Tuesday, April 15, 2025

Retro: A Moment of Stillness, A Glimpse of Grace - From 12th. Floor Menara Kuda Lari.

 Title: A Moment of Stillness, A Glimpse of Grace

As I sat facing the hills lined with white concrete structures stretching across the horizon, the sky blazed crimson with the rising sun. For a fleeting moment, I felt a sense of blissfulness—pure and complete. All else dropped away, even God was absent. What remained was a tranquil clarity, a stillness untouched by thought. I felt as though I had become the 60-foot-tall Kwan Yin, the Goddess of Mercy who watches over the sprawling Chinese cemetery of Batu Gantung from the foot of Kek Lok Si Temple.

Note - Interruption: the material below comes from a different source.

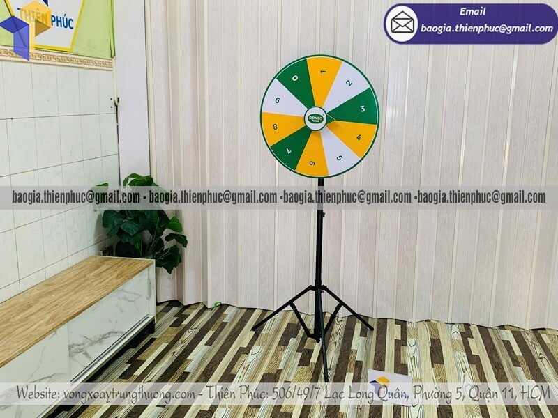 Mẫu vòng xoay số lớn quay trúng thưởng cho event- Xưởng sản xuất & Công Ty Thiên Phúc là xưởng chuyên nhận đặt làm theo yêu cầu - gia công - sản xuất - cung cấp nhiều mẫu vòng quay quay trúng thưởng với nhiều kích thước và mẫu mã khác nhau đường kính 60cm - 80cm. Thiết kế logo và in ấn theo yêu cầu khách hàng, thiết kế các ô quà tặng trúng thưởng miễn phí. Giá dao động rẻ nhất - cánh tranh nhất thị trường chỉ từ 850.000đ/cái - 1.300.000đ/cái trở lên đối với mẫu vòng quay chân xếp đứng. Đặt hàng số lượng lớn chiết khấu ưu đãi. Liên hệ ngay Thiên Phúc để nhận được báo giá chi tiết và nhanh nhất. Giao hàng trên toàn quốc trong vòng 2-4 ngày.

I listened to the myriads of birdsongs heralding the dawn and witnessed the shifting palette of colors bathing the landscape—from Jerejak Island to Batu Gantung. The Penang Hills stood like a towering emerald wall, fresh from the heavy rains of recent days. I let my mind wander, telling its stories one after another until they, too, faded—leaving only sound and sight, the texture of a new day.

Somewhere in the background, my cat Furby meowed insistently, pulling me back from that sacred stillness. With a soft Gassho and a bow to the Universe that had just opened before me, I rose—reluctantly. And this too, I reminded myself, shall pass.

Half of the holy month of Ramadan has now gone by. My struggles with the Nafs—the egoic self—have begun to subside, and I feel a subtle yet steady reclaiming of who I am. I fully admit that I am not observing the fast with the discipline of a devout Muslim. I never claimed to be one. But I fast nonetheless, in my own way. I confess this to my Lord and to no one else. Yet I feel His Presence within me—on and off, like a gentle wind—and for this, I am deeply grateful.

I acknowledge that I am at the mercy of His compassion, that nothing I say or do comes from anywhere but Him. If you ask me, as a Muslim, who is my God, I will say He is Allah (SWT). If you ask me as a Hindu, I will say He is Brahman, the Supreme and Eternal Essence. If you are Christian, I will call Him El Elohim, Adonai. If you are Jewish, He is the God of Abraham, Ishmael, and Isaac, the God of Moses—Jehovah. But having been guided to Islam, I now call my Lord Allah.

Fasting, to me, is not merely ritual—it is purification. It is my offering, my cleansing from the stains of my past. I have broken nearly every precept and moral code in my life, save for cold-blooded murder. There were times when, in anger and defiance, I raised my middle finger at God. Yes, I have a heavy karmic debt to pay—here, and in the hereafter.

Yet I hold onto a single, unwavering hope: that the Almighty is most compassionate, most forgiving—even to a soul like mine. I cling to this faith without doubt. After years of searching, wandering, and trying to escape my own self-imposed suffering, I am beginning to feel the faint warmth of the inner light returning. Glimpses of liberation flicker through the fog—small, fragile, but real.

It feels like setting down the cross, removing the crown of thorns I have carried for far too long. These symbols of penance, of pain, no longer define me. I only wish I could turn back the hands of time and walk a different path. But I accept this path I took—through anger, through darkness—because it led me here.

"Centered in stillness; meeting resistance with acceptance,
reveals and heals the persistence of the concealed."

I came across this quote by Jane Parry in a Facebook group I recently joined: “An Understanding of the Words of the Gurus and Sages of Our Time.” It appeared on my screen just as I finished typing the last paragraph. Believe it or not.

Yes, God speaks—if only we know how to listen.